Typically, scientists in such divergent fields as geochemistry, hydrogeology, structural geology, geophysics, geochronology and basin modeling would take a look at a small part of a fluid-rock system, such as one type of fluid or a specific interaction between fluid and rock. “We were kind of looking at different parts of the elephant,” said Peter W. Reiners, a geosciences professor and associate dean of research in the UArizona College of Science. He is the project leader. A 2016 Paradox Basin field trip by colleagues that Reiners attended led to talks about working together. “We thought it would be cool to combine perspectives and understand this as one big elephant,” he said.
In their abstract for the Keck grant, Reiners and his team said this project would be the first time an integrative approach would be used to study subsurface fluid-rock systems. “Such insight is essential to describe, understand and predict the complex, dynamic and coupled processes that characterize subsurface fluid-rock systems,” according to the abstract. Paradox Basin was chosen because of its diverse geologic features, including different kinds of faults, ore deposits, fluids and sedimentary rocks. It’s about the size of Virginia, formed from over 300 million years of cyclical ocean flooding and river and dune deposits.
The project team of eight scientists and many student researchers have worked with partners in the groundwater, mining and oil and gas industries to gain access to basin features for study. They have traced over time the sources and paths of different types of fluids, including petroleum and natural gas, as well as fresh waters and brines, some of which deposited copper, uranium and vanadium. “We wanted to know where they came from, when they flowed through the rocks and how that relates to the geologic and climate history of the region,” Reiners said.

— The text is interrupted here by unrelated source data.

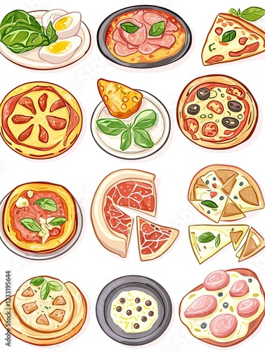 Delicious pizza and egg dishes, food collage, white background, recipe illustration
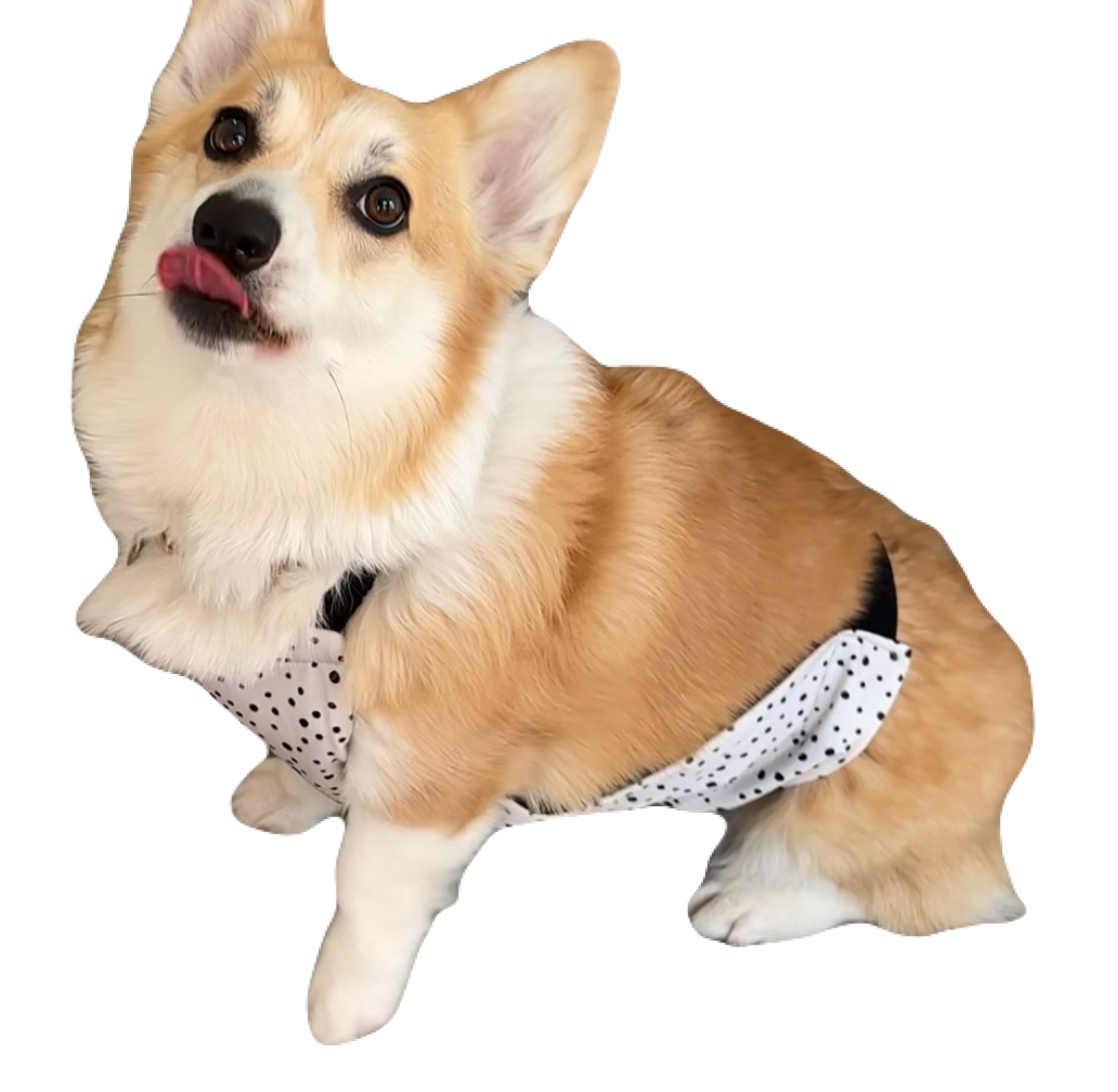※体型ゆえ、被毛が著しく汚れやすいコーギー向けに製作したエプロンです。そのため、Sサイズであっても大きめの作りとなっております。該当犬種以外の方はご注意下さい。
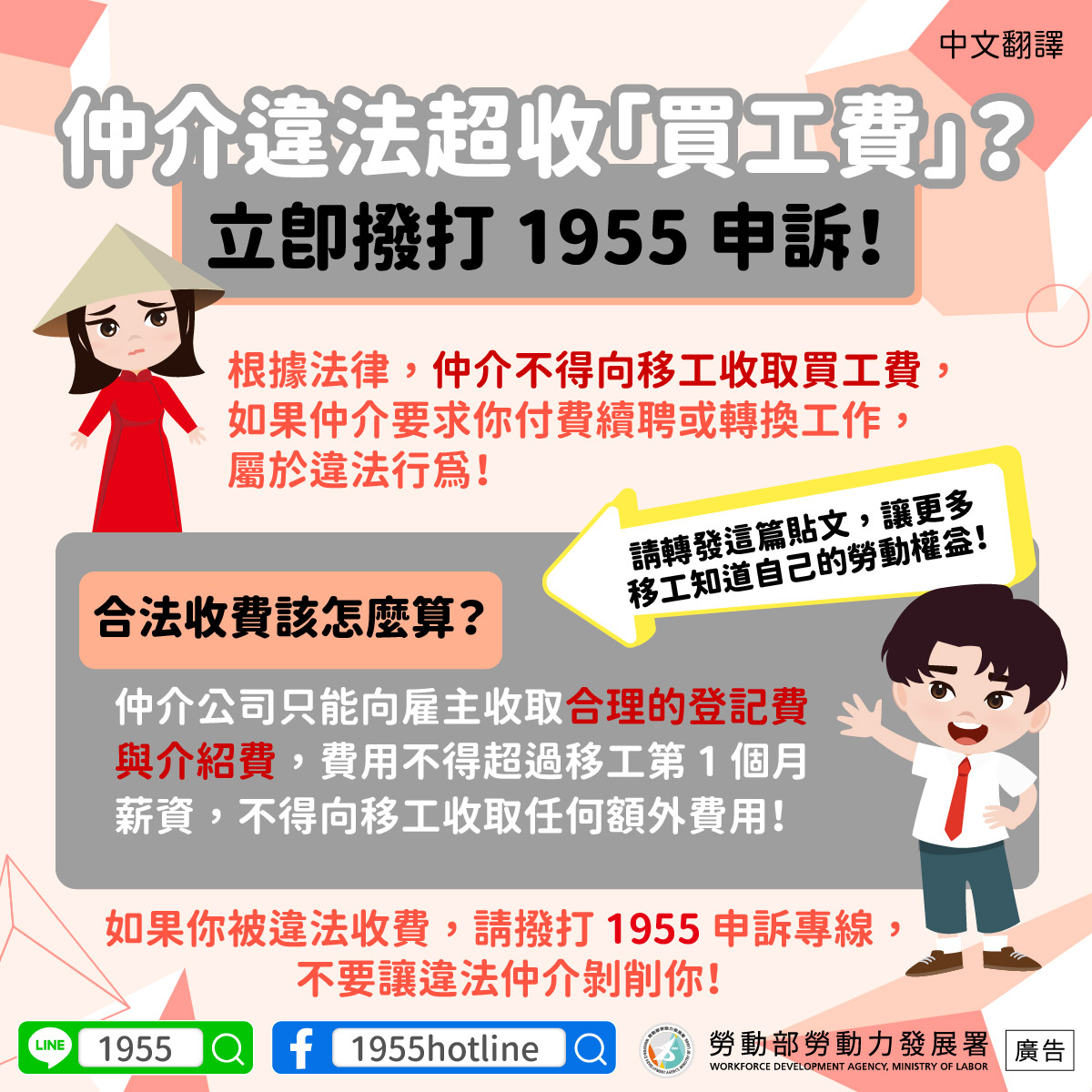 LINE@移點通-【仲介違法超收買工費 立即撥打1955申訴!-勞權】-多國語言版

Greater understanding has applications for today
Peter Reiners inspects slickensides on the Moab Fault
Knowing how fluid-rock systems create and influence regional geological features is fascinating science in itself. But it also has real-world applications. “The flow of liquids is one of the most important things in both the scientific point of view and human-interaction point of view,” suggested Mark D. Barton, the co-director of the Lowell Institute for Mineral Resources. He’s also a geoscience professor and a co-principal investigator on the project. For instance, knowing where mineral deposits are in relation to groundwater flows will help configure current and future mining operations that protect drinking and irrigation water, Barton said. “My particular interest is essentially the physics and chemistry of these processes,” he said. “You need to be very sure you’re not going to contaminate groundwater around (a mine).”
Examining the terrain and its history also helps mining companies take advantage of opportunities for mineral development. Knowing how the fluid-rock system of an area works could provide surface signs of a mineral deposit. Coupling that knowledge with hyperspectral remote imaging would help in designing a pit mine for safety and efficiency. Reiners thinks this better understanding of fluid-rock systems can lead to effective designs and procedures to sequester into the subsurface carbon dioxide released from the burning of fossil fuels. Other aspects of the project might also reveal methods of safely storing spent nuclear fuel within a fluid-rock system.
Above all, the project is meant to demonstrate that a multi-specialty, integrated approach to big projects can yield meaningful results. Both Barton and Reiners admit that scientists tend to work with small groups of colleagues focusing on what they’re interested in. That’s not necessarily a bad thing. Grasping complex structures like a mountain range or a human circulatory system requires examining its parts. “A lot of science is sort of breaking things down because if you want to really understand them, you have to start at a basic level,” Reiners said. But an integrative approach may reveal more questions to pursue, as well as provide answers to existing inquiries. “There are times when you want to stand back,” he continued. “There are things that we see that are very important to recognize, but that we can only understand with a big perspective.”